Several Brussels sources told AFP on Saturday that the timing of Cyprus President Nicos Anastasiades's meeting with European Union President Herman Van Rompuy and European Commission head Jose Manuel Barroso would depend on "difficult" EU and IMF negotiations with the Cypriot government in Nicosia on Saturday.
"I'm not expecting any meetings on Saturday, put it that way," said one key source.
The Eurogroup talks planned for 1600 GMT on Sunday still have to be confirmed officially by the group's chairman, Dutch Finance Minister Jeroen Dijsselbloem.
European Commission economics spokesman Simon O'Connor said on Twitter: "Intensive contacts are ongoing at many levels.

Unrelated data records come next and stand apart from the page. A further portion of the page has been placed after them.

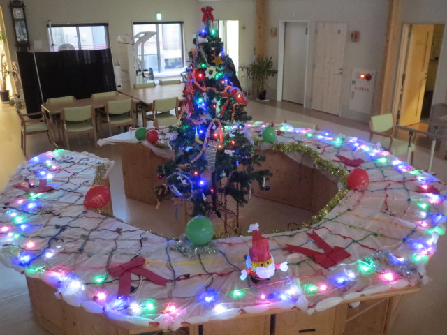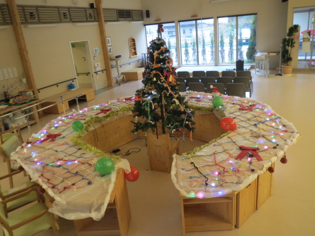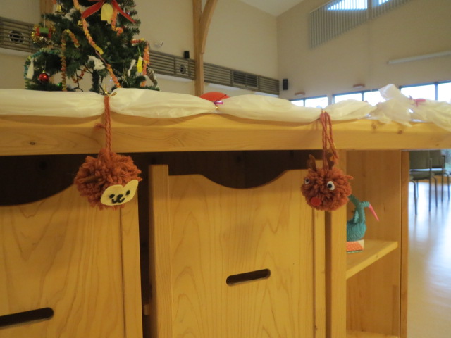 飾りつけは職員が行いましたが、円テーブルの毛糸の作品は利用者様に編んで頂きました♪
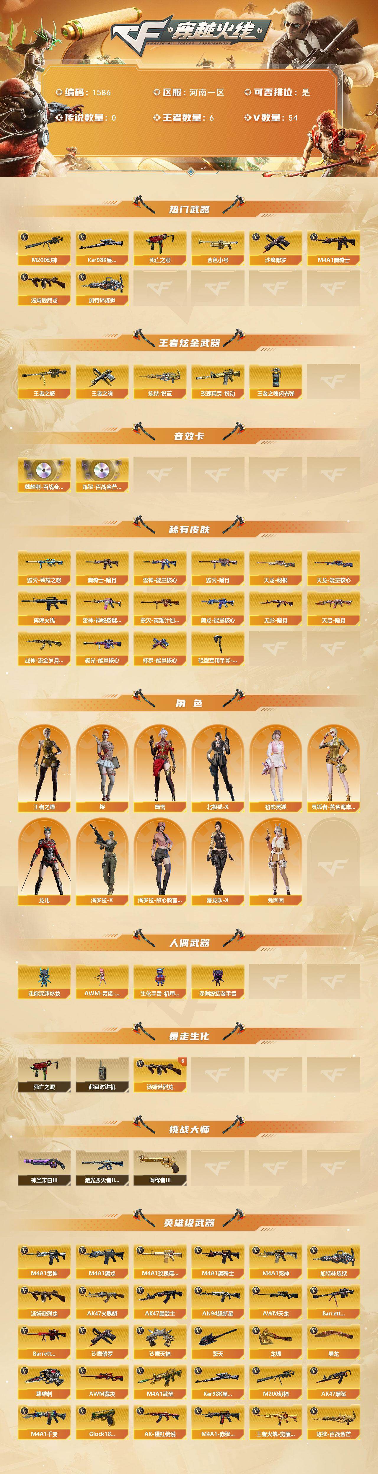 [16636521]河南一区-59v-6王者武器数-0炫金武器数 【热门武器】:m200-幻神,死亡之眼3,kar98k-星神,金色小号,m4a1-黑骑士,汤姆逊-烈龙6,加特林-炼狱,沙鹰-修罗3 【王者炫金武器】:玫瑰精灵-悦动,王者之怒,炼狱-悦蓝,王者之魂,王者之魄闪光丹 【音效卡】:麒麟刺-百战金芒-盛典舞曲音效卡,炼狱-百战金芒-庆典舞曲音效卡 【皮肤】:雷神-能量核心,m4a1-再燃火线,雷神-神秘按键 皮肤,毁灭-暗月,毁灭-荣耀之怒,毁灭-英雄计划 皮肤,黑龙-能量核心,黑骑士-暗月,无影-暗月,天启-暗月2,战神-流金岁月皮肤,天龙-秘银,天龙-能量核心,极光-能量核心,修罗-能量核心2,轻型军用手斧-再燃火线 【角色】:樱,王者之瞳,北极狐-x,初恋灵狐,灵狐者-黄金海岸,龙儿,潘多拉-x,潘多拉-甜心教官,潜龙队-x,蜀雪,兔囡囡 【人偶武器】:awm-灵狐-15周年嘉年华,迷你深渊冰龙,生化手蕾-机甲核心,深渊终结者手蕾 【暴走生化】:死亡之眼3,超级对讲机 【挑战大师】:激光毁灭者iii-白马银呛,神圣爆裂者-末日iii,阐释者iii 【英雄级武器】:m4a1-千变,ak47-火麒麟,m4a1-黑龙,m4a1-雷神2,m4a1-黑骑士,m4a1-死神,ak47-黑武士2,an94-超新星,m4a1-武圣,ak47-黑鲨,m4a1-玫瑰精灵,ak-47-猩红传说,王者火魄-觉醒版,awm-天龙,barrett-毁灭2,barrett-极光,awm-裁决,m200-幻神,kar98k-星神,加特林-炼狱,炼狱-百战金芒,汤姆逊-烈龙6,沙鹰-修罗3,沙鹰-天神2,glock18-武圣,屠龙3,龙啸,擎天2,麒麟刺,麒麟刺-百战金芒,m4a1-赤狱骑士,barrett-碧霄极光2 【道具】:bs战队炫彩背包,cfs限定背包,战舰背包,百战金芒炫彩背包,超级背包,圣拳猎手-炽雪,女皇终结者-魔龙之吻,救世主-黑桃战神,绿色巨人,灵魂忍者,变异宝贝,妖姬,迷雾幽灵,夺命之镰,防化服3,金色流光-呛王排位,星辰流光-呛王排位,呛王排位28赛季金色流光,呛王排位29赛季金色流光,语音特效-盛典烟火,萌萌小葵表情,ep战队名片,ep战队喷图,防弹头盔6,防弹衣6,c4工具钳3,手蕾包3 【特殊呛械】:1黑骑士,6烈龙,1炼狱
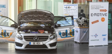 Im Rahmen des FVA E-Motive Expertenforum 2019 war DE-REX am 04. und 05. September 2019 in Schweinfurt vertreten. Die E-Motive 2019 zog rund 250 internationale Fachbesucher aus dem Automobilbereich an. DE-REX war mit einem eigenen Messestand samt Fahrzeugausstellung vor Ort. Des Weiteren wurden in einem Fachvortrag Projektergebnisse aus DE-REX vorgestellt.
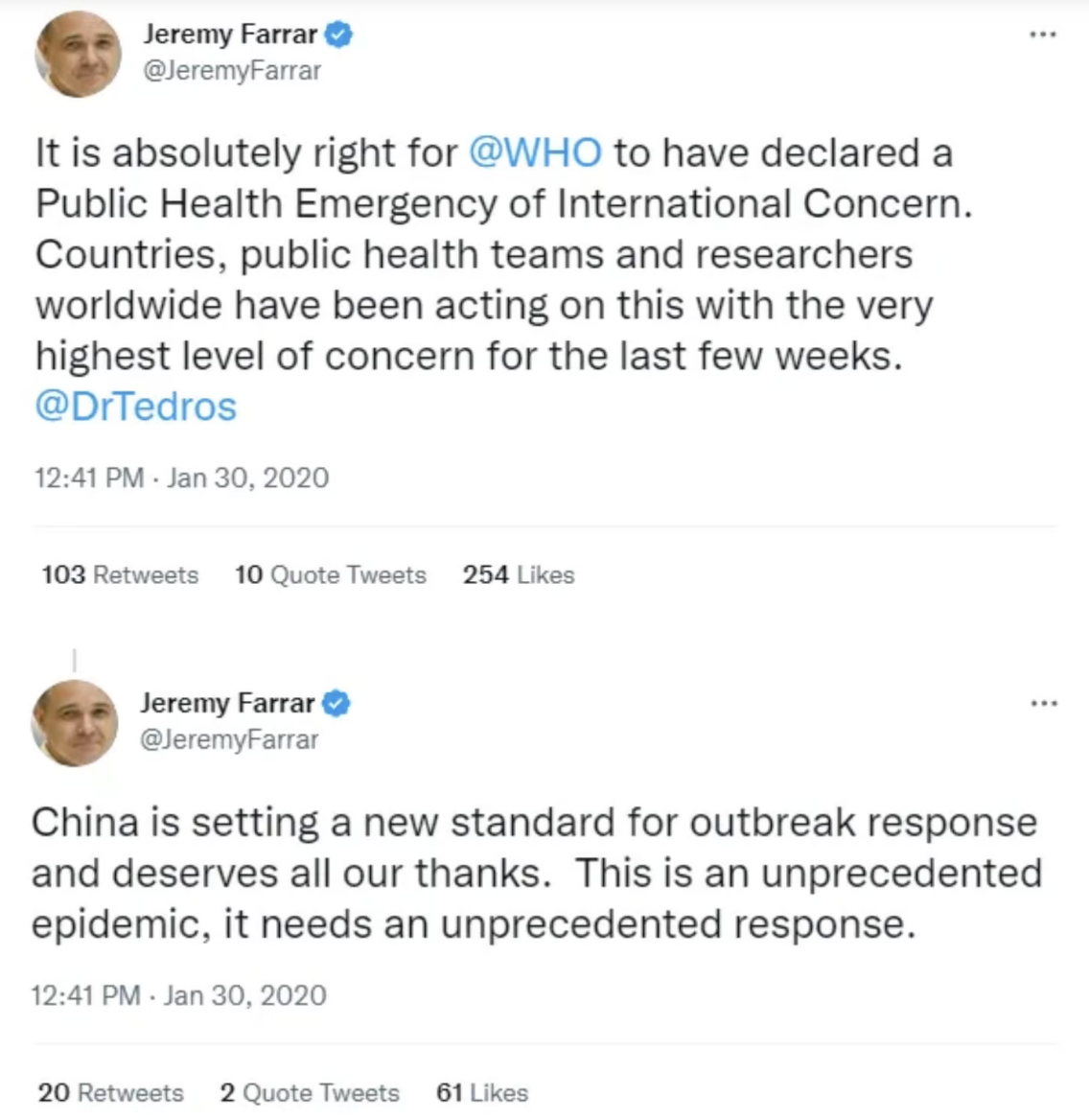 Shortly after Xi Jinping enacted the strictest lockdown in history in Wuhan, China, and long before that lockdown produced any results, Farrar echoed his new boss, Tedros, in praising China for “setting a new standard for outbreak response”.
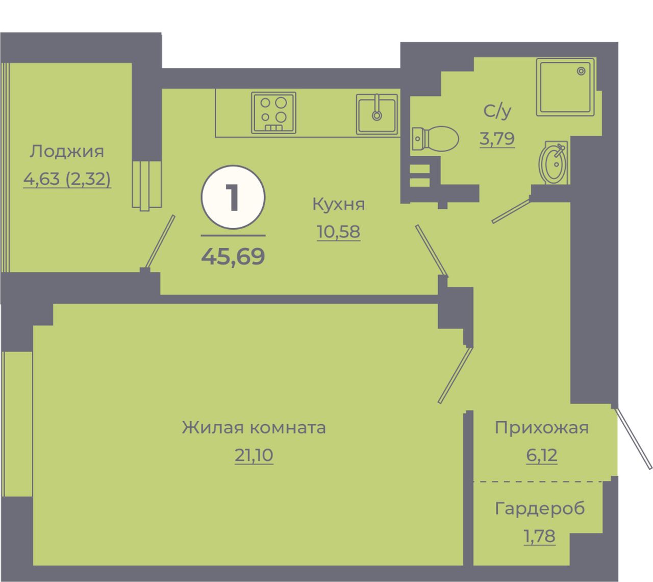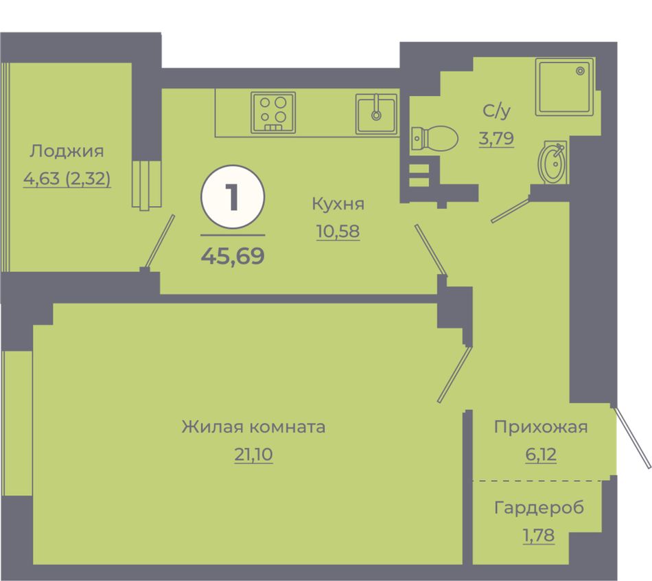 Жилая площадь21,1 м²

At this time there are no meetings confirmed in Brussels this weekend."
Cyprus Finance Minister Michalis Sarris described progress over the course of Saturday morning as "significant" despite "several issus" still to be resolved.
But EU sources said the negotiations remained difficult, leaving a question mark over the timing of the Brussels meetings, according to one source.
As a condition for eurozone-IMF loans of up to 10 billion euros, Cyprus has to find another nearly six billion euros.
An initial plan to raid deposits in Cypriot banks backfired badly last week, and the banks will have been closed for 10 days if they indeed re-open their doors as negotiators hope on Tuesday.
The new plan -- a dusted-down version of an earlier proposal in negotiations -- would see the island's two biggest banks broken up, involving significant job losses.
"Good" and "bad" assets within both the Bank of Cyprus and Laiki (or Popular) Banks would be hived off into new holdings -- with a "haircut" applied to the new "good" bank.
This would extend to 15 to 20 percent of these "good" assets, and would raise the majority of the six billion euros.
This plan was rejected by Cyprus during summit negotiations on its bailout that unleashed the current crisis. Cypriot leaders instead proposed a levy on all savings, including an estimated 30 billion euros in Russian investments in the Cypriot financial system.
This "wealth tax", as Dijsselbloem subsequently labelled it, would not only apply to accounts with more than 100,000 euros in them -- the target of a rival plan -- and would therefore avoid accusations that the EU would be breaching its own deposit guarantee legislation.
Still to be cleared up, though, is whether this would also apply to non-residents, after days of talks in Moscow for both Sarris and Barroso that yielded little obvious progress.
Rates for this tax would be on a sliding scale, with an estimated one billion euros collected.